To further evaluate the significance of depression and BMI on delay discounting scores, a multiple regression analysis was computed with BMI and HAMD scores assessed. A total score for atypical items on the HAMD was also calculated for each participant, and a multiple regression analysis was computed for each food type, with BMI, HAMD scores, and the total score for items used to assess atypical depression included as predictor variables; delay discounting scores were the dependent variables. Raw scores, and not categories, were assessed for BMI and HAMD in the regression analysis. All tests were computed at a. 05 level of significance.
Results
Of the 92 participants, mean/SD age was 19.5±1.2 years, mean height was 167.6±9.9 cm, and mean weight was 78.5±12.4 kg. BMI scores ranged from 20.1 to 34.1 kg/m2 with a mean/SD of 27.9±3.5 kg/m2. HAMD-17 scores ranged from 4 to 32 with a mean/SD score of 14.7±7.7. Table 2 depicts delay gratification scores by depression category. For all analyses reported here, there were no significant effects of sex (p >. 07 for all tests); the covariate for the ANCOVA was evaluated at the following value: hunger rating = 3.12.

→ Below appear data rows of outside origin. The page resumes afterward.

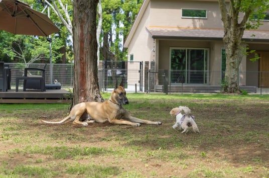 広大なプライベートドッグランでのびのびと遊び、あたたかい室内でくつろぐ──
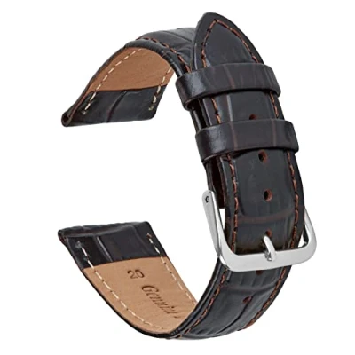 VintageTime Watch Straps Croc Grain Genuine Calf Leather Bracelet Stainless Steel Buckle Choice of Width & Colours 14mm, 16mm, 18mm or 20mm Bands (18mm, Brown Buckle)
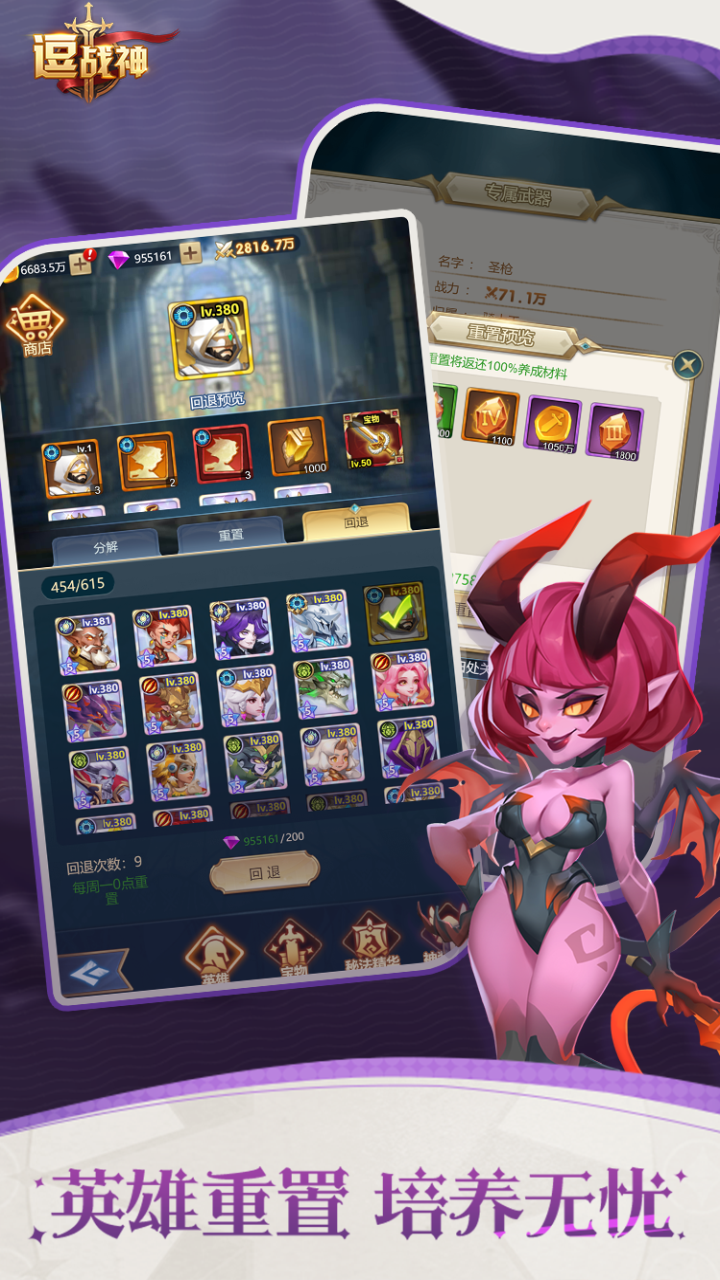 可选Ss英雄*20,高级召唤*500,奇迹召唤*50,红色素体卡*30,金色素体卡*30,进阶石*6w,进化石*6w,2小时金币经验*1000,T石自选*20,战神*6,战争女神*6
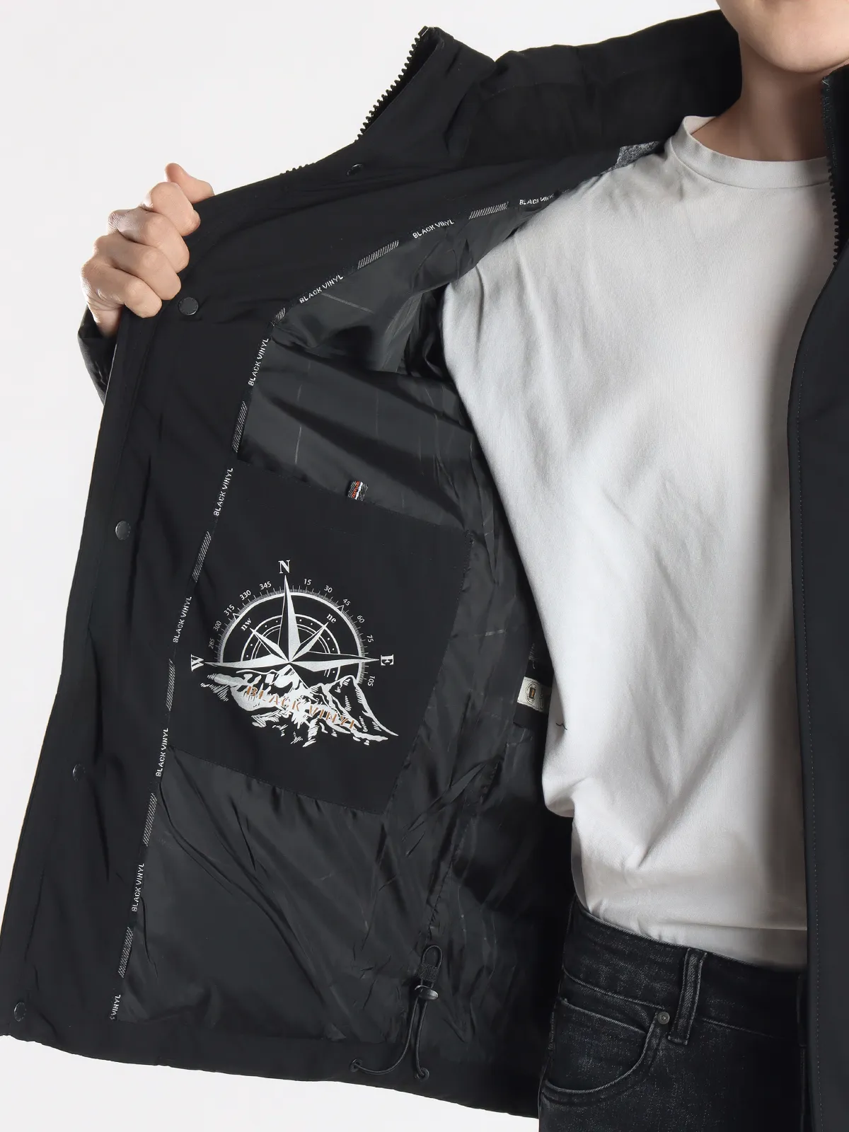 Мужская куртка Black Vinyl — идеальный выбор для комфортного ношения в холодное время года. Эта стильная и функциональная модель обеспечит вам надежную защиту от холода, ветра и дождя. Куртка выполнена из прочного и водоотталкивающего полиэстера, что делает ее отличным решением для повседневного использования.
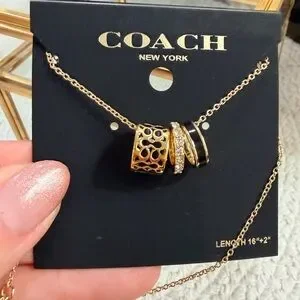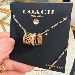 NWT- Coach necklace with gold, black, and studded ring pendants. Adds elegance to any look.
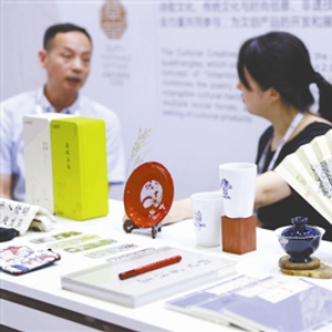 据国际授权业协会统计,中国目前已成为世界第五大授权市场,并保持快速增长。图为今年成都杜甫草堂在全球授权展·中国站展出的以草堂文化为IP开发的文创产品。 视觉中国供图
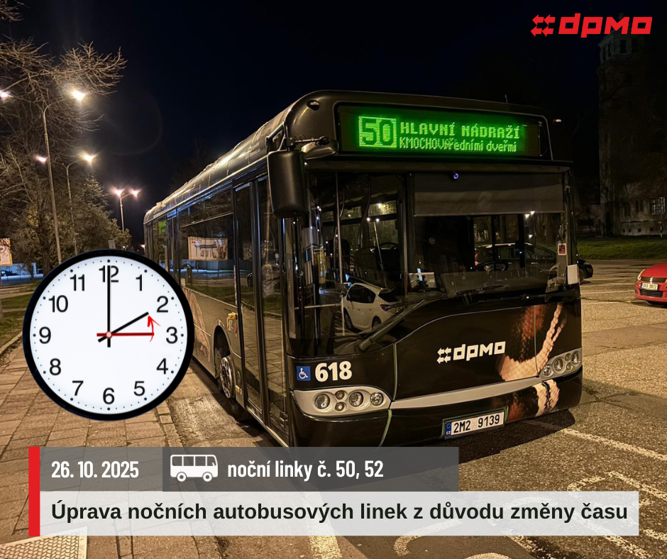 Spoj s odjezdem ve 2.11 hod. ze zast. Hlavní nádraží bude v celé trase realizován dvakrát. Poprvé podle letního času a podruhé již podle středoevropského času.

Table 2. Delay discounting scores for participants in each category of depression.
Delay Discounting Scores | |||||||||
---|---|---|---|---|---|---|---|---|---|
Dessert | Fried Food | Fruit | Vegetable | ||||||
HAMD-17 | N | M | SD | M | SD | M | SD | M | SD |
TOTALS | 92 | 4.82 | 2.96 | 4.32 | 2.65 | 4.34 | 2.75 | 3.76 | 2.81 |
Normal (0–7) | 20 | 7.03 | 1.99 | 6.95 | 1.76 | 5.65 | 2.13 | 4.85 | 2.66 |
Mild-Moderate (8–18) | 41 | 4.99 | 2.76 | 4.18 | 2.14 | 4.54 | 2.88 | 3.83 | 2.81 |
Severe-Very Severe (> 18) | 31 | 2.34 | 2.20 | 2.60 | 2.24 | 2.65 | 2.65 | 3.16 | 2.97 |
The analyses of delay discounting scores for depression and BMI were evaluated using both continuous and categorical cut-points on HAMD. Values given by sample size (N), means (M), and standard deviations (SD). Details of analyses are given in text.
Dependent variable: Dessert
With dessert as the food type, the ANCOVA showed a significant main effect of depression, F(2, 73) = 15.55, p <. 001 (R 2 = .30), and as shown in Fig. 2, a significant depression × BMI interaction, F(4, 73) = 7.76, p <. 001 (R 2 = .30). The main effect showed that delay discounting scores were significantly different for each pairwise comparison: normal-moderate (95% CI 0.42, 3.65), moderate-severe (95% CI 1.24, 4.06), and normal-severe (95% CI 2.99, 6.39). The main effect showed that more severe depression was associated with lower delay discounting scores, or more impulsive food choices. To assess the depression × BMI interaction, a one-way between-subjects ANCOVA was computed for BMI at each level of depression; hunger ratings were again included as a covariate. BMI was a significant factor for those with normal, F(2, 16) = 42.94, p <. 001 (R 2 = .84), moderate, F(2, 37) = 4.11, p = .025 (R 2 = .18), and severe depression, F(2, 27) = 9.02, p = .001 (R 2 = .40). Post hoc analyses showed that, compared to lean weight participants, obese participants with moderate (lean-obese: 95% CI 0.08, 5.72), and severe depression (lean-obese: 95% CI 1.75, 7.04) had significantly lower delay discounting scores (more impulsive choices). For the no depression (normal) group, the opposite effect was observed: delay discounting scores were lower for lean compared to obese participants (lean-obese: 95% CI -3.11, -5.75). A multiple regression analysis further showed a significantly predictive model, F(3, 88) = 61.58, p <. 001 (R 2 = .68), with HAMD scores (β = -.197, p = .013), BMI (β = -.239, p <. 001), and scores for atypical symptoms of depression (β = -.637, p <. 001) each independently predicting significant variance in delay discounting scores with dessert as the food type.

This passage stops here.